Lie algebra preserving ideal of functions

Question

Let $G$ be an algebraic group acting on an affine variety $X=\operatorname{Spec}A$ (all over $\mathbb{C}$). This gives an action of $G$ on the $\mathbb{C}$-algebra $A$, and an action of the Lie algebra $\mathfrak{g}$ of $G$ on $A$ by derivations.

If the action is not transitive, then $G$ will preserve some nontrivial ideal of $A$ (namely take an ideal of a closed $G$-orbit). In particular, $\mathfrak{g}$ will preserve this ideal.

My question is whether this remains true if we only have the lie algebra and no group action. In particular, suppose that $\mathfrak{g}$ is a finite-dimensional Lie subalgebra of $\operatorname{Der}_{\mathbb{C}}(A)$, and suppose that it does not act 'transitively' on $X$, i.e. for some closed point $x\in X(\mathbb{C})$ the natural map $$ \mathfrak{g}\to T_xX $$ is not surjective, where $T_xX$ is the tangent space of $X$ at $x$. Then, must there exist a non-trivial ideal $I$ of $A$ which is preserved by $\mathfrak{g}$? Feel free to assume $X$ is smooth, say. Note I am not assuming the action of $\mathfrak{g}$ on $A$ is integrable, else we could use the statement about group actions stated initially.

Answer 1

A counterexample is $X=\mathbb{A}^2\backslash\{y=0\}$, $A=\mathbb{C}[x,y,y^{-1}]$, and $\mathfrak{g}$ the span of the derivation $D(x)=1$, $D(y)=y$. Now $\mathfrak{g}$ is $1$-dimensional and $X$ is $2$-dimensional, so the map $\mathfrak{g}\to T_x X$ is not surjective for any $x\in X(\mathbb{C})$. The integral curves of (the vector field associated with) $D$ are $y=ce^x$ for $c\in\mathbb{C}^\times$, and the intuition is that because each of these curves is Zariski dense, there cannot be a non-trivial ideal preserved by $D$. I'm a little confused about how to formalize this argument, especially because an ideal might not be reduced (maybe someone else sees how to do this). I will argue directly that there is no non-trivial ideal $I\subset A$ with $D(I)\subset I$.

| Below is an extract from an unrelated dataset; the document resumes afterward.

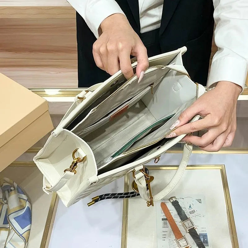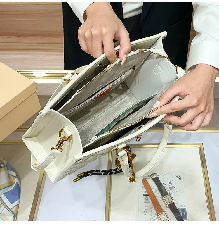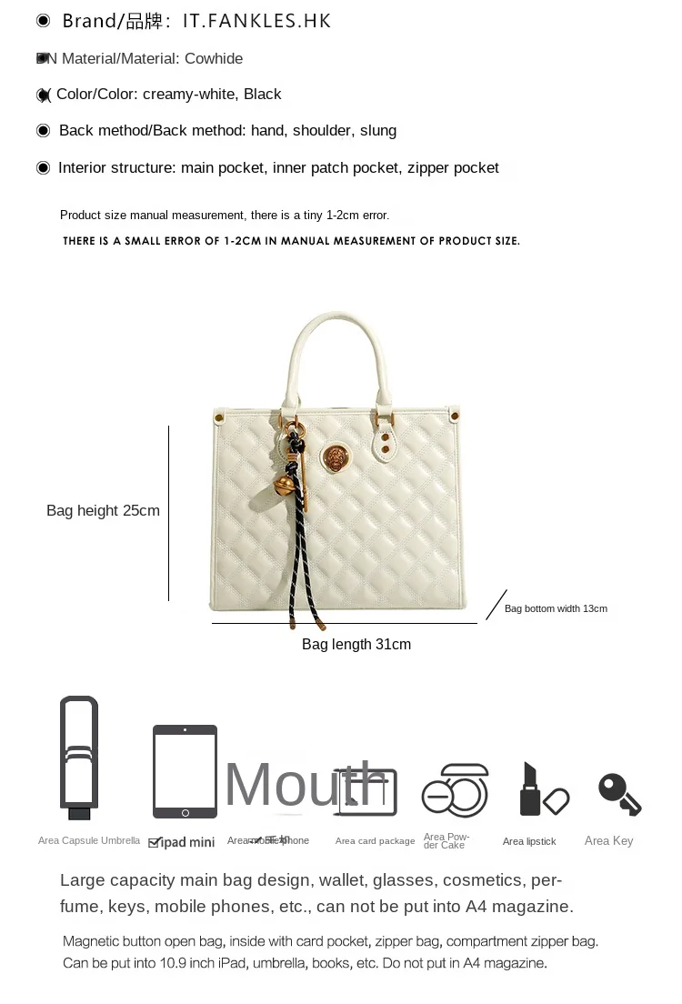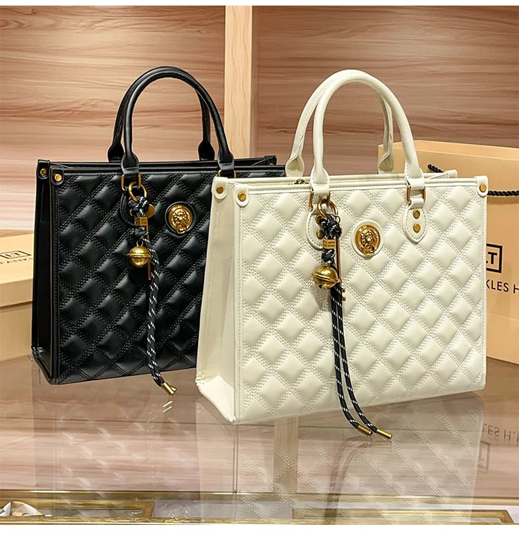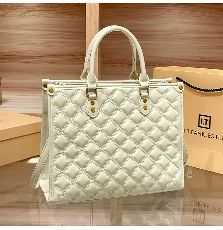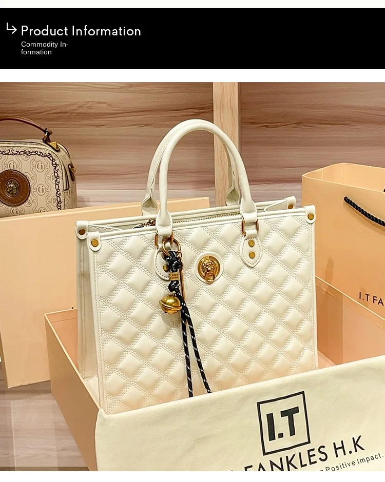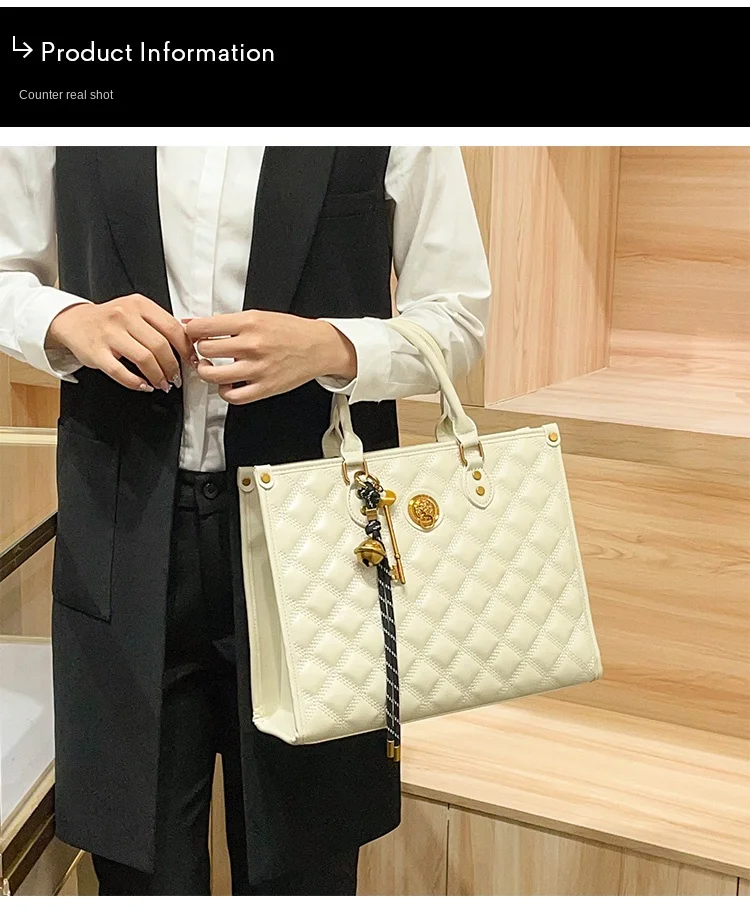 Light luxury brand hand-held large capacity tote bag diamond grid single shoulder diagonal cross bag

Suppose $I\neq (0)\subset A$ satisfies $D(I)\subset I$. Let $$ f(x,y)=\sum_{n=0}^m f_n(x) y^m\in\mathbb{C}[x,y], \,\,f_m\neq 0 $$ be an element of $I\cap \mathbb{C}[x,y]$ for which $m$ is minimal, and for which $\deg(f_m(x))$ is minimal (among those elements with minimal $m$). Then $$ mf-D(f) = \sum_{n=0}^m \big((m-n)f_n - f_n'\big)y^n\in I. $$ The coefficient of $y^m$ in the above element is $-f_n'$, which has degree less than that of $f_n$, so by the construction of $f$ we must have $mf-D(f) = 0$. Looking at the coefficient of $y^0$, we see $m f_0= f_0'$. This can only happen if either $f_0=0$, or if $m=0$ and $f_0$ is constant. If $f_0=0$, then $y^{-1} f\in I\cap\mathbb{C}[x,y]$ contradicts the minimality of $f$. If $m=0$ and $f_0$ is constant, then $f$ is a constant, and $I=A$.